# Record set
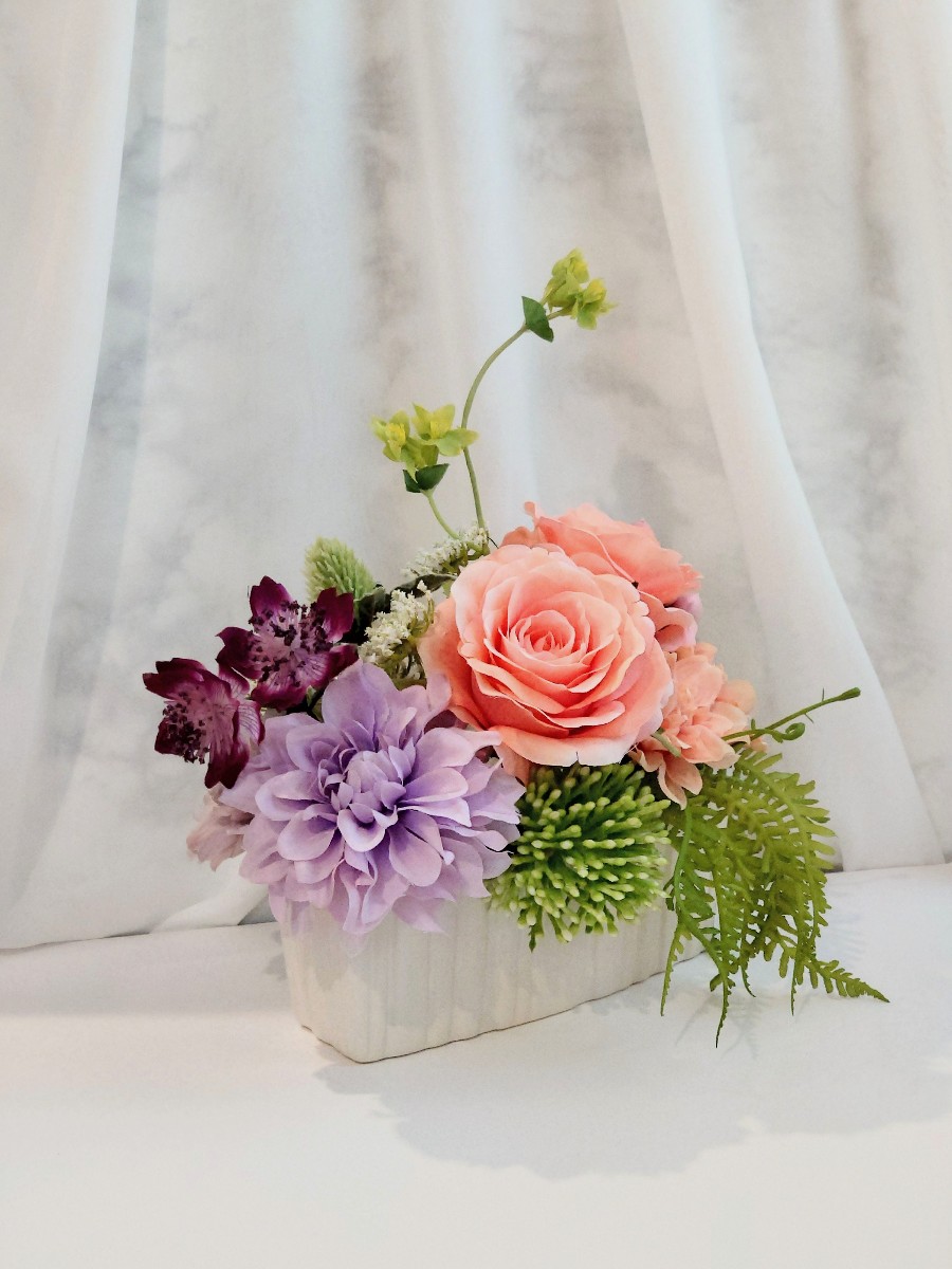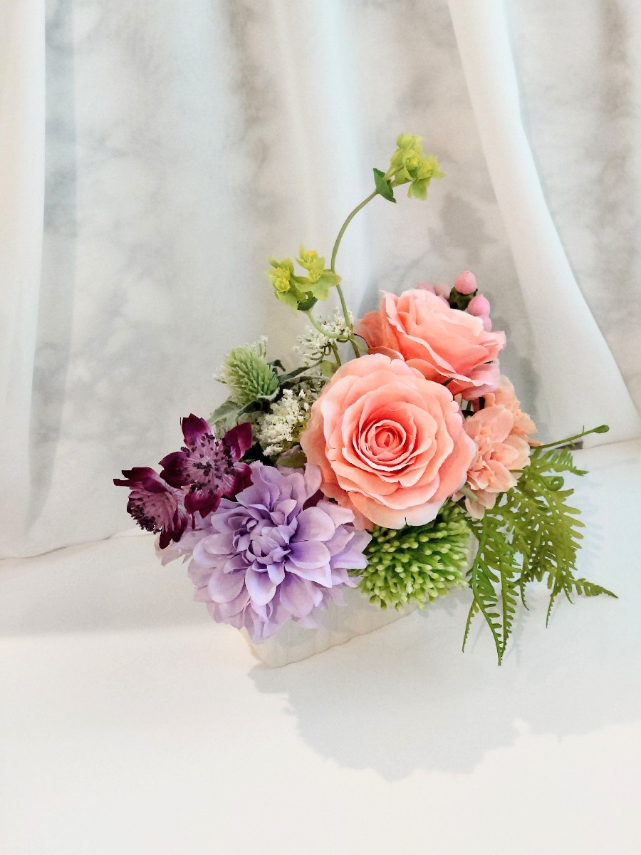 季節に合わせたアレンジメントを、和風でも洋風でもお楽しみいただけるよう心を込めておつくりしております♡
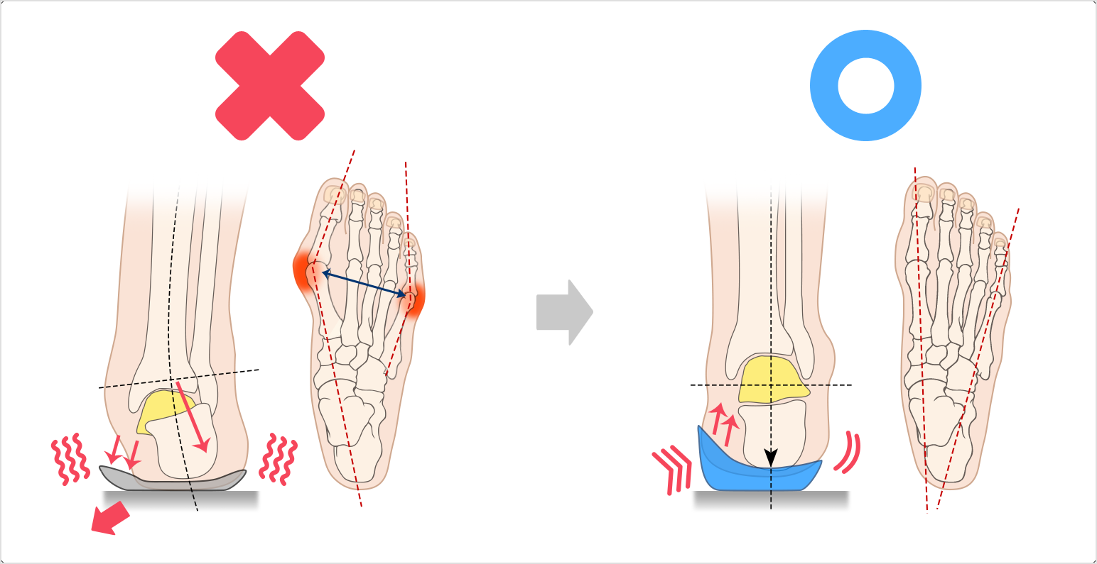 일상생활에서 틀어진 발의 밸런스는 지속적으로 몸의 균형을 망가뜨려 변형을 가져오게 됩니다. 이러한 변형 중 하나가 바로 다리 정렬의 문제이기도 합니다. 흔히 말하는 O/X 다리의 경우 무릎 정렬의 변화로 나타난 경우인데, 발과 발목 및 무릎의 정렬을 개선할 수 있도록 인솔을 지속적으로 착용하게 된다면, 좀 더 개선된 신체 밸런스를 유지할 수 있게되고 변형을 방지할 수 있습니다.
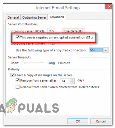 As it turns out, there are two main causes why this particular Outlook error will occur. The first potential culprit is an inconsistency that appeared after Yahoo upped their security settings for POP. If you have configured your email account prior to this change, you should be able to fix the problem by modifying the security options for POP3 in order to make Outlook aware that Yahoo requires an encrypted connection (SSL).
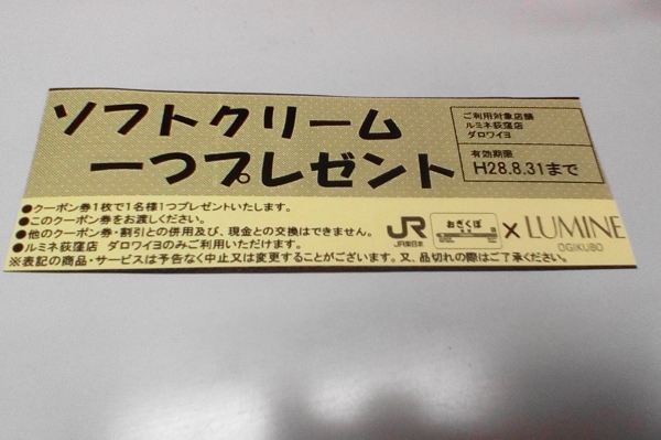 JR荻窪駅では指定席券売機で切符を購入すると、様々なクーポンをもらえることを知っていましたか?2016年8月はルミネ荻窪の『ダロワイヨ』のソフトクリームの引き換えクーポンがもらえると聞いて、ゲットしてきました♪
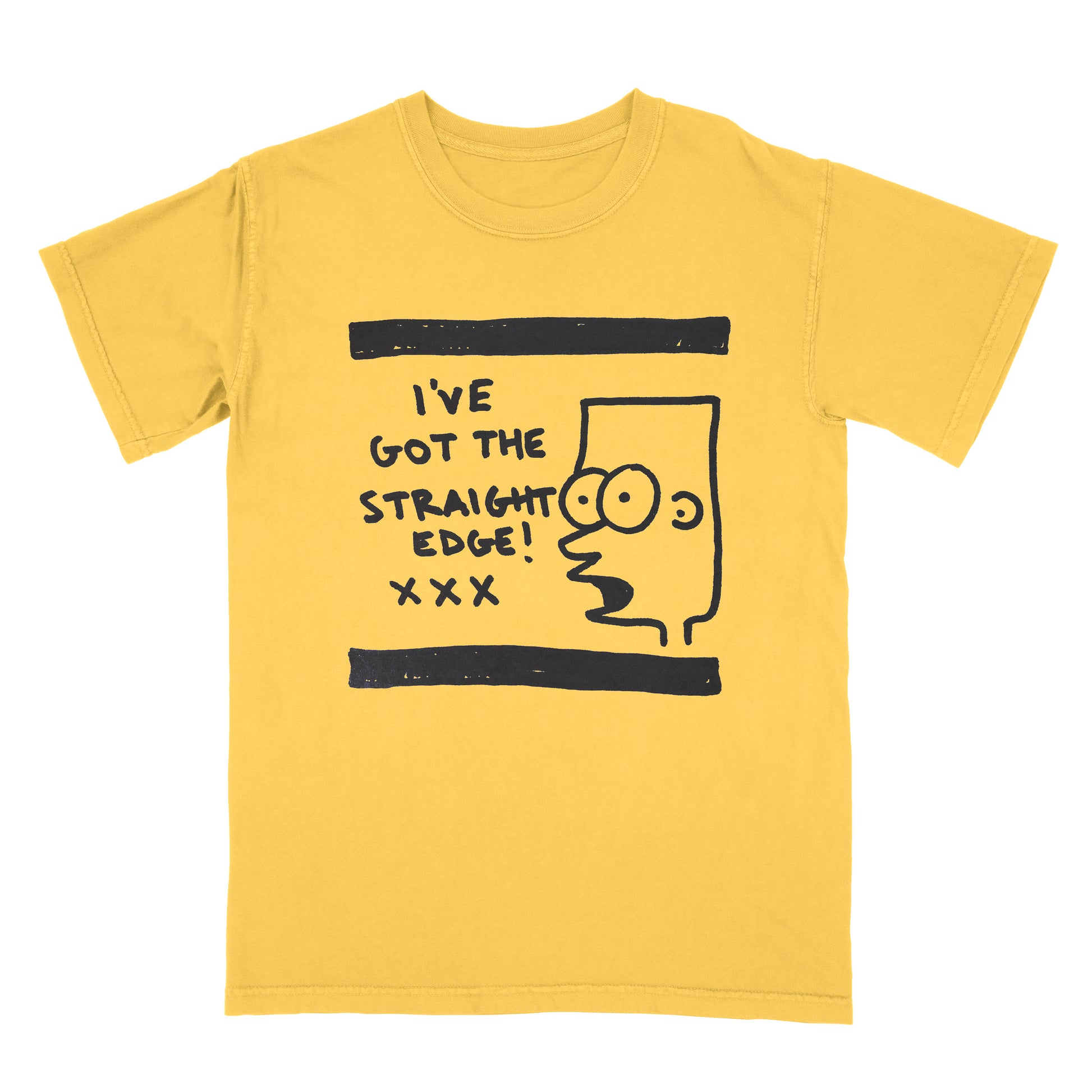 Black print on a citrus comfort colors cotton tee.

# Your assignment
Reproduce the material word for word, but without its images.

# Result of the exercise
 季節に合わせたアレンジメントを、和風でも洋風でもお楽しみいただけるよう心を込めておつくりしております♡
 일상생활에서 틀어진 발의 밸런스는 지속적으로 몸의 균형을 망가뜨려 변형을 가져오게 됩니다. 이러한 변형 중 하나가 바로 다리 정렬의 문제이기도 합니다. 흔히 말하는 O/X 다리의 경우 무릎 정렬의 변화로 나타난 경우인데, 발과 발목 및 무릎의 정렬을 개선할 수 있도록 인솔을 지속적으로 착용하게 된다면, 좀 더 개선된 신체 밸런스를 유지할 수 있게되고 변형을 방지할 수 있습니다.
 As it turns out, there are two main causes why this particular Outlook error will occur. The first potential culprit is an inconsistency that appeared after Yahoo upped their security settings for POP. If you have configured your email account prior to this change, you should be able to fix the problem by modifying the security options for POP3 in order to make Outlook aware that Yahoo requires an encrypted connection (SSL).
 JR荻窪駅では指定席券売機で切符を購入すると、様々なクーポンをもらえることを知っていましたか?2016年8月はルミネ荻窪の『ダロワイヨ』のソフトクリームの引き換えクーポンがもらえると聞いて、ゲットしてきました♪
 Black print on a citrus comfort colors cotton tee.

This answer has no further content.